§ **TASK PROMPT**: Keeping pictures out, repeat the lines of the listing below exactly, starting at its first line and finishing with the one that holds "about 1.25 pounds.".

§ **PROVIDED RECORDS**:
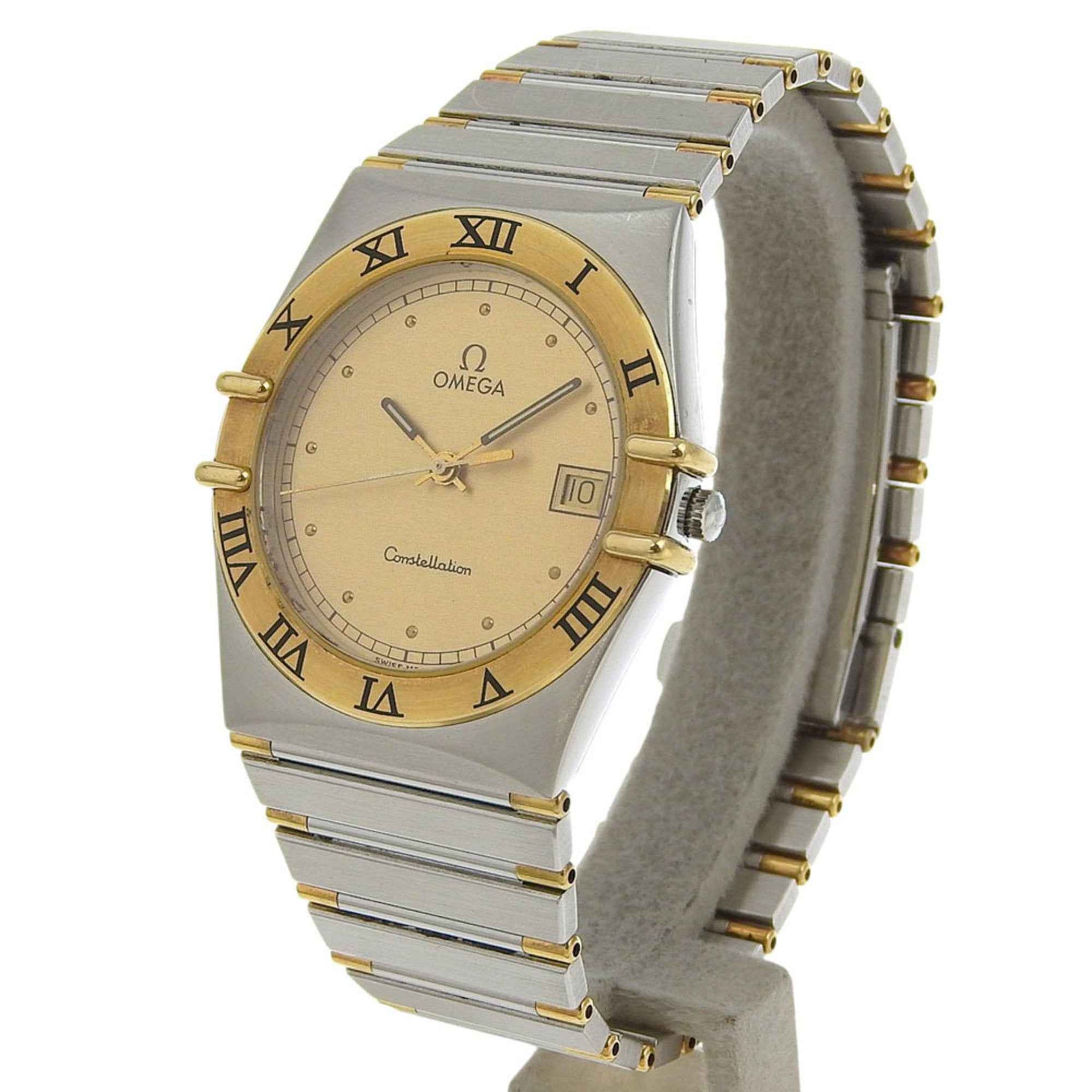 OMEGA Constellation watch, caliber 1441 1448.431, stainless steel with yellow gold, 1989, quartz movement, analog display, gold dial, men\'s.
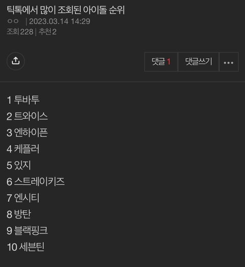 방탄 틱톡 순위도 망했네ㅋㅋㅋ
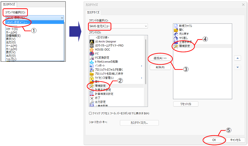 ①追加するコマンドのメニュー名を[コマンドの選択]のプルダウンリストから選択します。
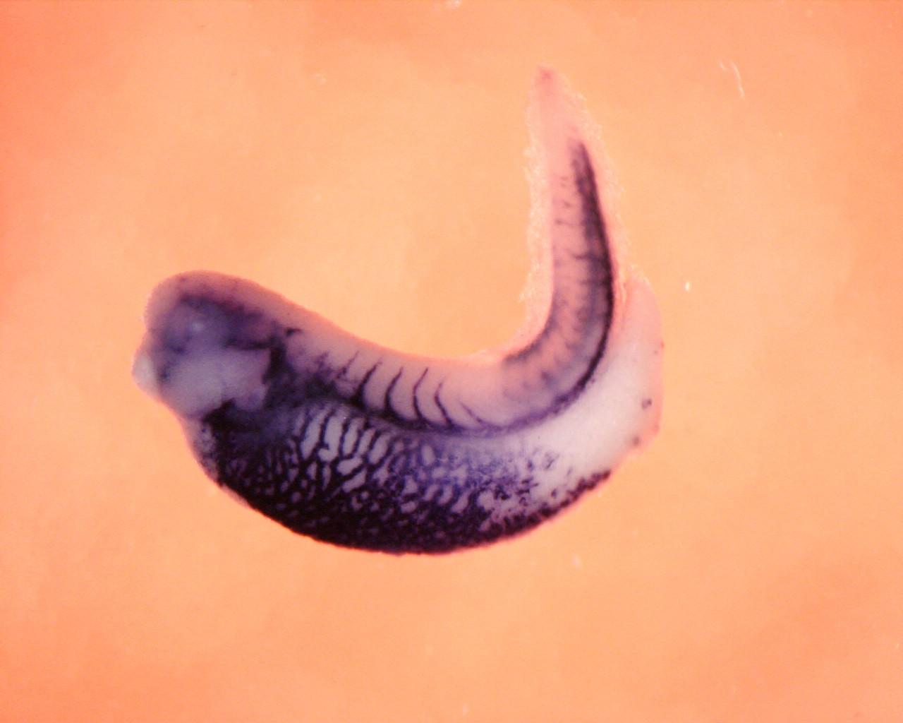 cdf (complement factor D (adipsin)) gene expression in Xenopus laevis embryo, assayed via in situ hybridization, NF stage 37 & 38 lateral view, anterior left, dorsal up.
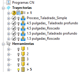 Amplíe las trayectorias para ver el método de taladrado creado, las trayectorias y las herramientas creadas
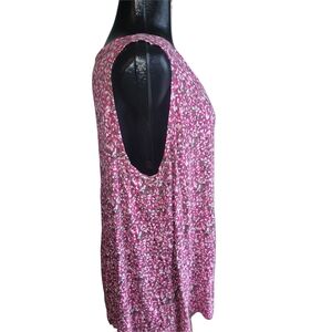 This stylish sleeveless V neck top features a vibrant red background with multi colored dotted pattern. Perfect for adding a pop of color to your wardrobe.
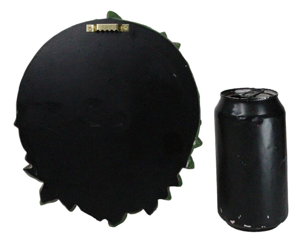 ? This greenwoman ent wall decor measures 8"High, 7" Wide and 1.5"Deep approximately. It weighs about 1.25 pounds.
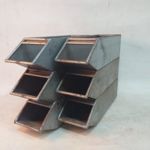 6x stabel bak, meget smuk set patina, smuk grå i farven, kommer fra en metalfabrik.
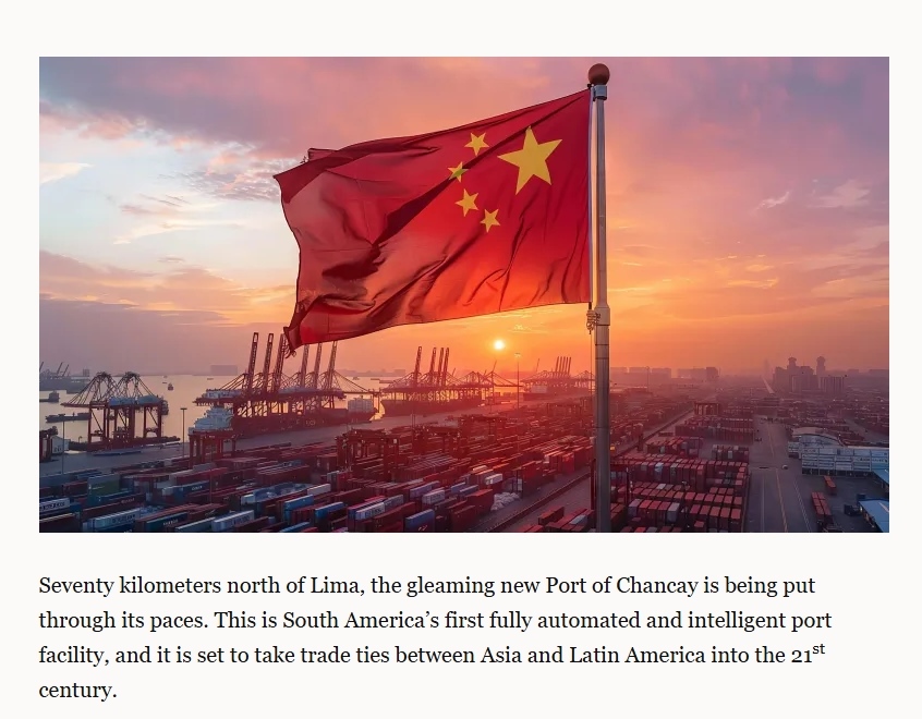 文章首先將目光投向在秘魯首都利馬以北70公里處的錢凱港。這個由中國和秘魯合作建設(shè)的嶄新港口,是南美洲首個全自動智能化港口設(shè)施,它將把亞洲與拉丁美洲的貿(mào)易關(guān)系帶入21世紀。隨著通往該港口的跨大陸公路和鐵路連接完工,錢凱港不僅要處理涉及南美洲太平洋沿岸的進出口貨物,也將處理從阿根廷、巴西和巴拉圭穿越太平洋運往中國的牛肉、大豆和小麥等貨物。
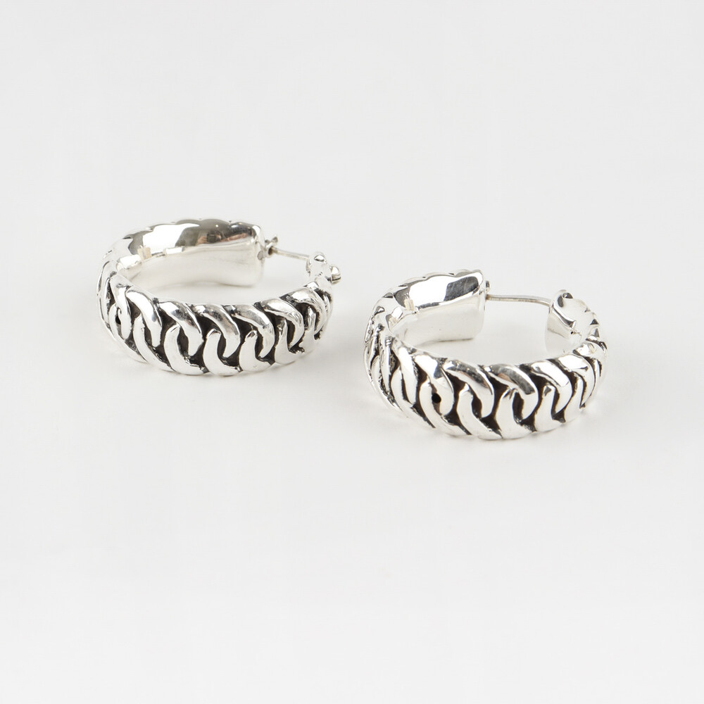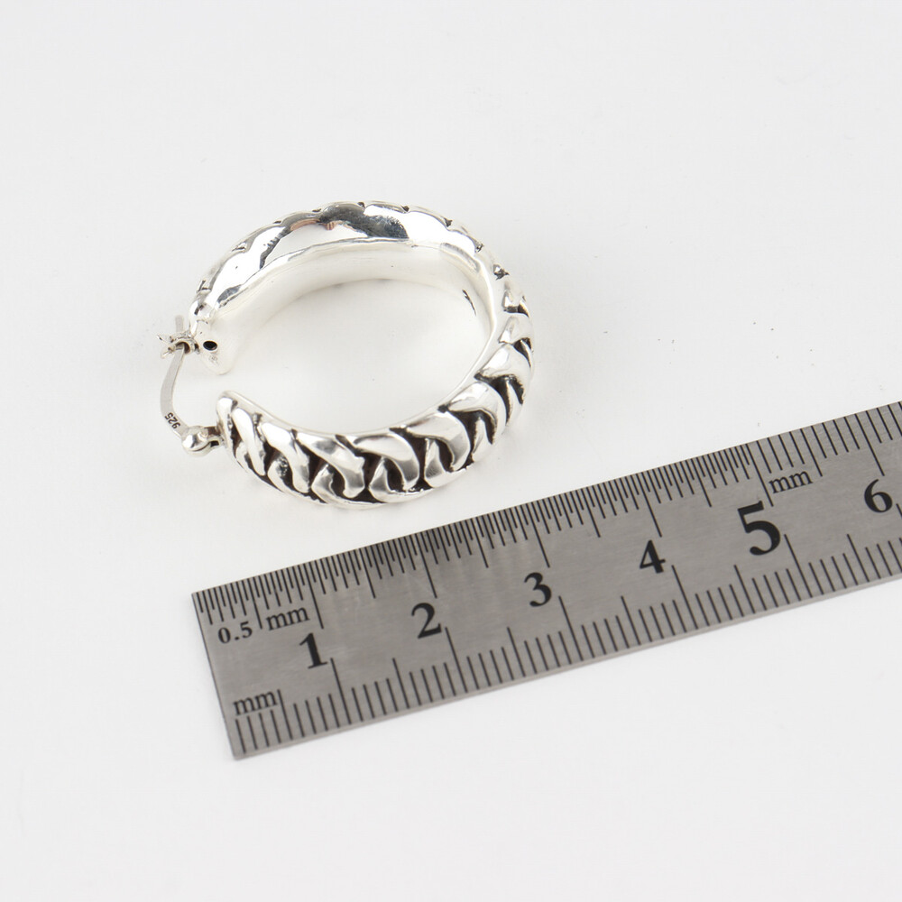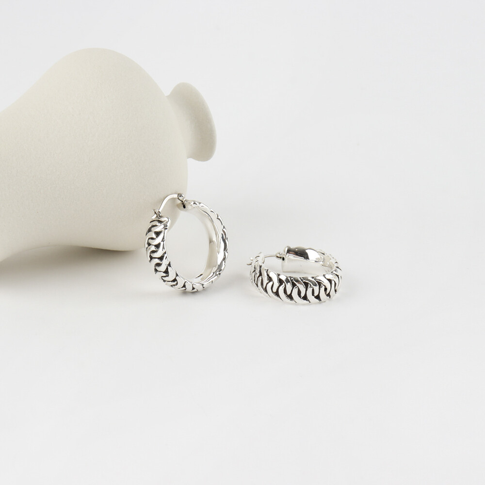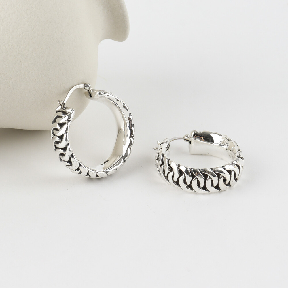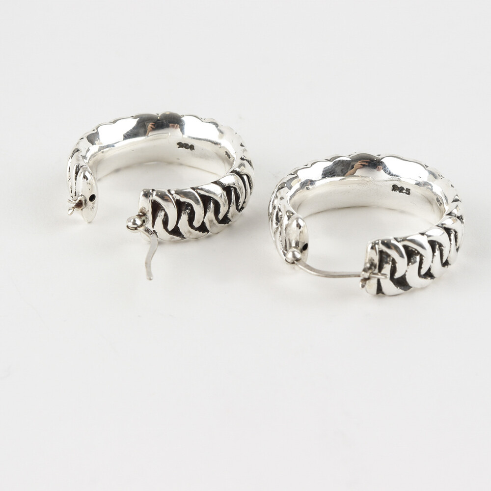 101990 Silver 925 Bold Oxidized Hoop Earrings

§ **WORKED SOLUTION**:
 OMEGA Constellation watch, caliber 1441 1448.431, stainless steel with yellow gold, 1989, quartz movement, analog display, gold dial, men\'s.
 방탄 틱톡 순위도 망했네ㅋㅋㅋ
 ①追加するコマンドのメニュー名を[コマンドの選択]のプルダウンリストから選択します。
 cdf (complement factor D (adipsin)) gene expression in Xenopus laevis embryo, assayed via in situ hybridization, NF stage 37 & 38 lateral view, anterior left, dorsal up.
 Amplíe las trayectorias para ver el método de taladrado creado, las trayectorias y las herramientas creadas
 This stylish sleeveless V neck top features a vibrant red background with multi colored dotted pattern. Perfect for adding a pop of color to your wardrobe.
 ? This greenwoman ent wall decor measures 8"High, 7" Wide and 1.5"Deep approximately. It weighs about 1.25 pounds.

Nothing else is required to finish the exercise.